(Dataset content):

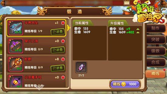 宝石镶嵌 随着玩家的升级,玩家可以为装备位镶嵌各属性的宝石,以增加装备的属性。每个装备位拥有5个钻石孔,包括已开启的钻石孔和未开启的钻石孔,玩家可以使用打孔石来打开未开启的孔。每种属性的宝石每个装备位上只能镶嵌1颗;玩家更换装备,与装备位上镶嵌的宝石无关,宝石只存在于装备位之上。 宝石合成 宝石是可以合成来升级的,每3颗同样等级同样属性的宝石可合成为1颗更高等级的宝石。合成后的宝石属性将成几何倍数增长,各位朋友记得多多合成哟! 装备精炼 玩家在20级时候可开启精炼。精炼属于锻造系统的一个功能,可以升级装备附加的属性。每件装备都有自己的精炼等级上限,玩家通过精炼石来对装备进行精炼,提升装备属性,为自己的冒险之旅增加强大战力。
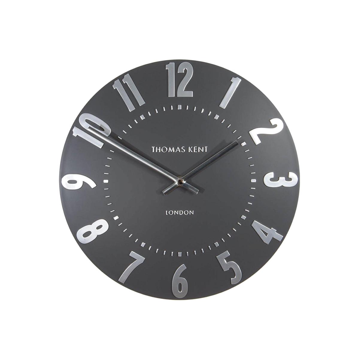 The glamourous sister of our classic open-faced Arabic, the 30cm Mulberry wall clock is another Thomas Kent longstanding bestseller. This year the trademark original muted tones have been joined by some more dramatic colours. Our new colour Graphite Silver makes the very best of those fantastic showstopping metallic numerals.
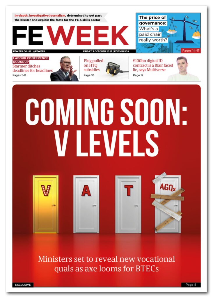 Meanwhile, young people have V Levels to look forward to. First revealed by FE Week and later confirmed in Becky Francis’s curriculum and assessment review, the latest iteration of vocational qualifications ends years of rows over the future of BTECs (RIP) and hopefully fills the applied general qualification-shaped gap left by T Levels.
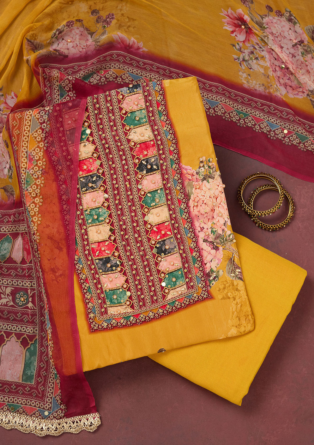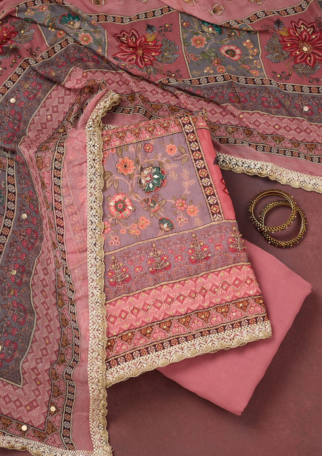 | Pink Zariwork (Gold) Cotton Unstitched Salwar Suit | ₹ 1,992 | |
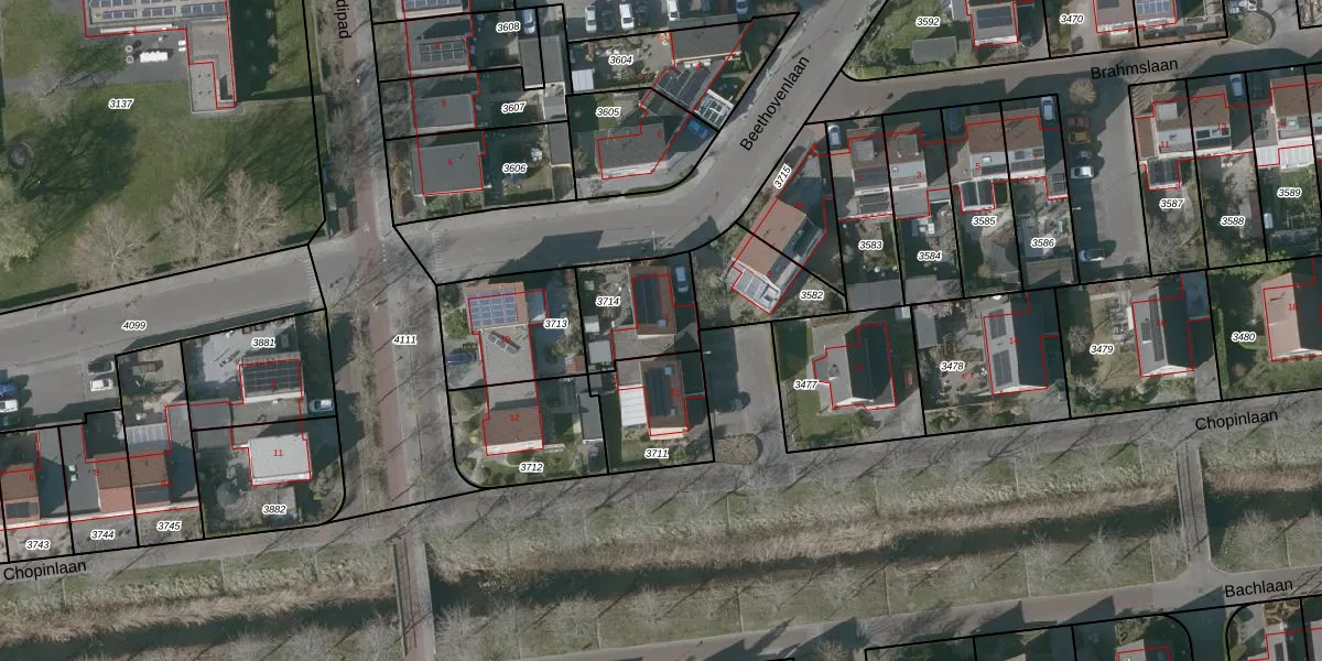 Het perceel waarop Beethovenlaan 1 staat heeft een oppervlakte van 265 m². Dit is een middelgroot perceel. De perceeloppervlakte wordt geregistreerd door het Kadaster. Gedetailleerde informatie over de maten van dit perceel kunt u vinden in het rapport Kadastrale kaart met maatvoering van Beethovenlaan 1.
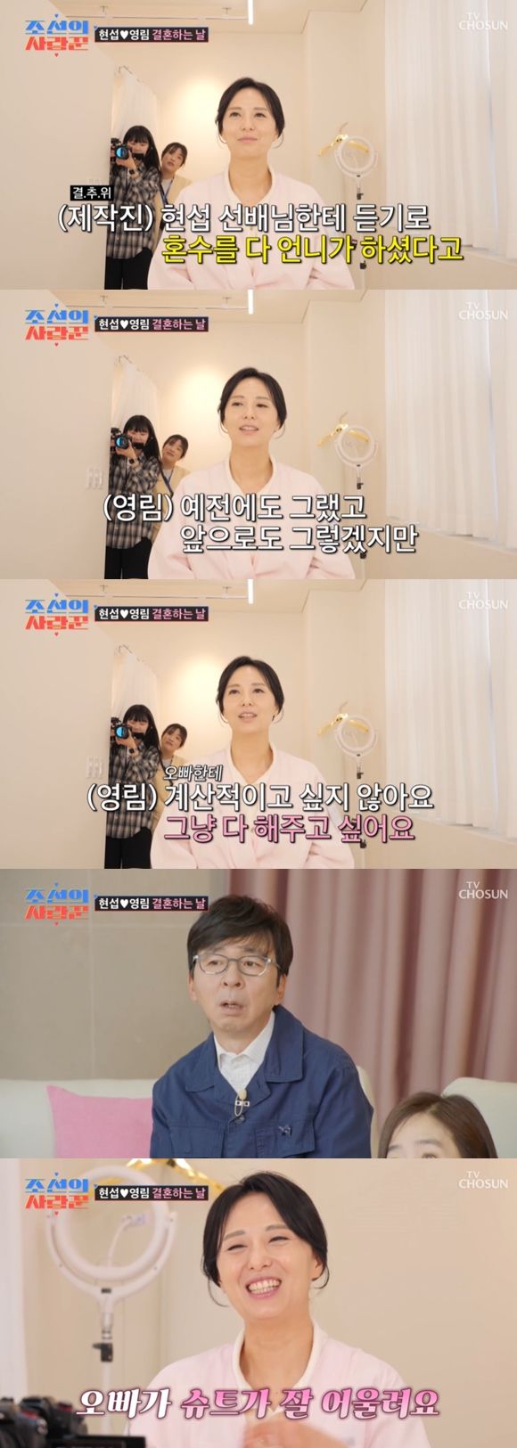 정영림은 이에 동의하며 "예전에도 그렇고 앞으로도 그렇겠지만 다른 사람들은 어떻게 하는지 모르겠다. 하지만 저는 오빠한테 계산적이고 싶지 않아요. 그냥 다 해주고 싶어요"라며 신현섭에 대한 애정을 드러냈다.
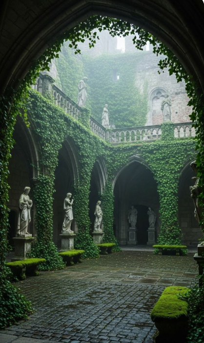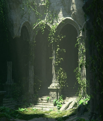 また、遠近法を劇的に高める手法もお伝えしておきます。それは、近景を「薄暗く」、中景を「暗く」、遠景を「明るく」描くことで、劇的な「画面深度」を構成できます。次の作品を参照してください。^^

(Work required):
Set down again, exactly, every line above from the one with "Meanwhile, young people" down to the one with "Suit | ₹ 1,992 | |", both ends included. No pictures, and nothing else.

(Task output):
 Meanwhile, young people have V Levels to look forward to. First revealed by FE Week and later confirmed in Becky Francis’s curriculum and assessment review, the latest iteration of vocational qualifications ends years of rows over the future of BTECs (RIP) and hopefully fills the applied general qualification-shaped gap left by T Levels.
 | Pink Zariwork (Gold) Cotton Unstitched Salwar Suit | ₹ 1,992 | |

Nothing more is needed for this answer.